Why Your Next Suit Might Be Sewn By Someone Who Learned on YouTube
The old Italian master who taught me to set a sleeve properly is 73. He's been looking for an apprentice for three years. No takers.
This is the crisis nobody talks about in bespoke tailoring. The traditional apprenticeship system that built Savile Row and the Italian houses is collapsing. Young people won't spend seven years learning to hand-pad a lapel when they can make more money coding.
What does this mean for you? Simple: the guy making your next bespoke suit might have learned his craft from online tutorials instead of a master tailor's steady hand.
The difference shows up in ways you'll feel but can't name. A machine-sewn buttonhole that looks fine but feels stiff after six months. A shoulder that sits well initially but loses its shape because the canvas wasn't properly shrunk and shaped by hand. These are skills that take years to master - muscle memory built through thousands of repetitions under someone who's already made those mistakes.
Some houses are adapting. They're paying competitive wages, offering structured programs, even partnering with fashion schools. But many traditional ateliers are stuck in the old model: work for peanuts, learn slowly, hope the master doesn't take his secrets to the grave.
The irony? Demand for bespoke work has never been higher. Men who've spent years in off-the-rack want something that actually fits. But there aren't enough skilled hands to meet that demand - at least not hands trained the old way.

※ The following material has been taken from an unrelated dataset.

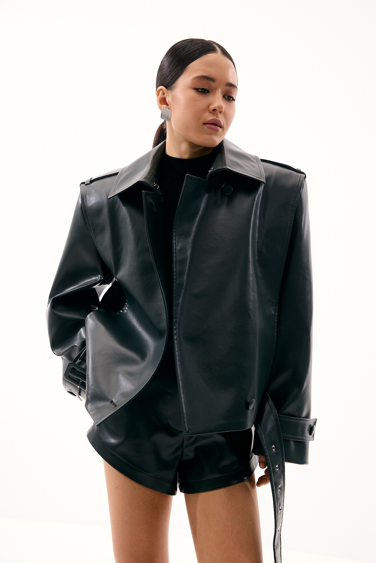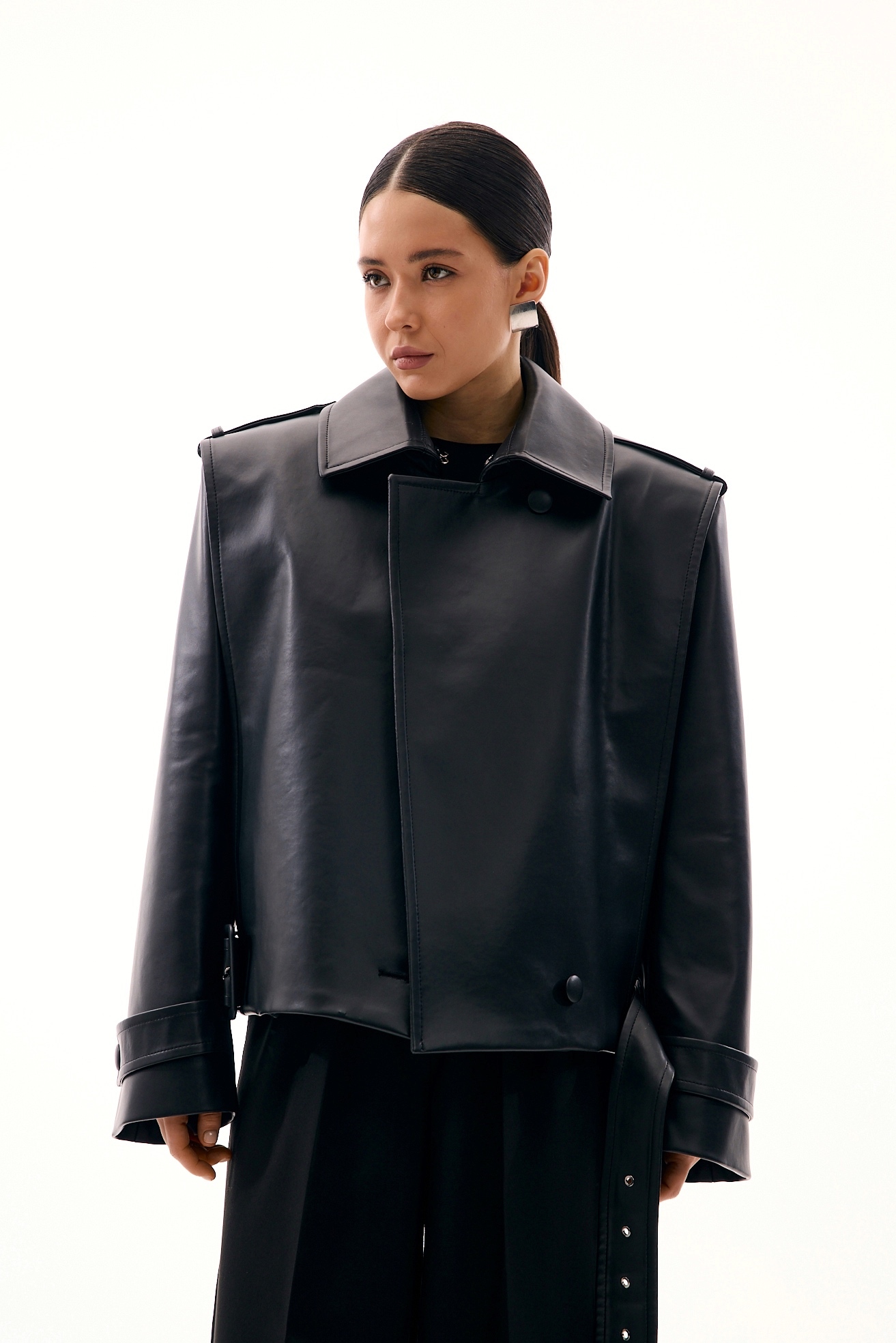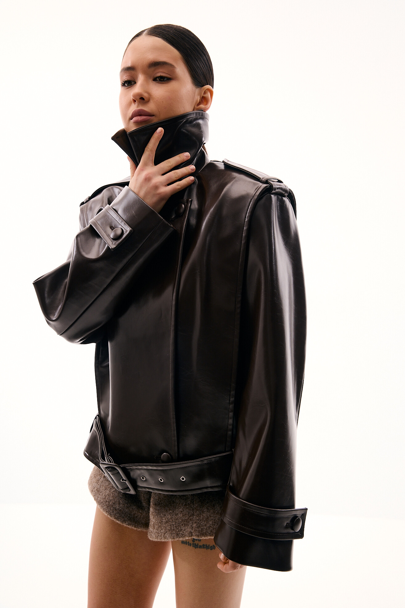 Родзинкою нашої весняної  колекції стала оверсайз-косуха зі структурованим, чітким силуетом. Додаткова продубльована  екошкіра додає моделі стійкості та допомагає їй добре тримати форму. Косуха виглядає ефектно й сучасно, служитиме акцентом в образі. Легка утеплена підкладка на синтепоні 100 дозволяє комфортно носити її в перехідний сезон.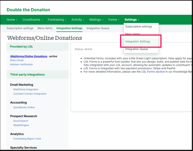 This section of the integration guide is intended to help organizations establish a direct link between Double the Donation Matching and Little Green Light CRM. Once a direct link is established, donation records from your Little Green Light CRM will automatically flow into Double the Donation on a nightly basis. In the matching module, donations will enter automated email streams to drive the employer matching process to completion. Read on to section 2 to discover how to add Double the Donation to your Little Green Light Donation Forms.

Here's what this means practically: ask questions. Where did your tailor learn? How long have they been cutting? Don't just look at their Instagram - feel the garments. A properly trained tailor's work has a certain hand to it, a suppleness that comes from understanding fabric at a molecular level.
The craft will survive, but it's evolving. Some of that evolution is good - modern techniques, better tools, more inclusive training. Some isn't. The master-apprentice relationship that created the greatest tailors in history? That's harder to replace than anyone wants to admit.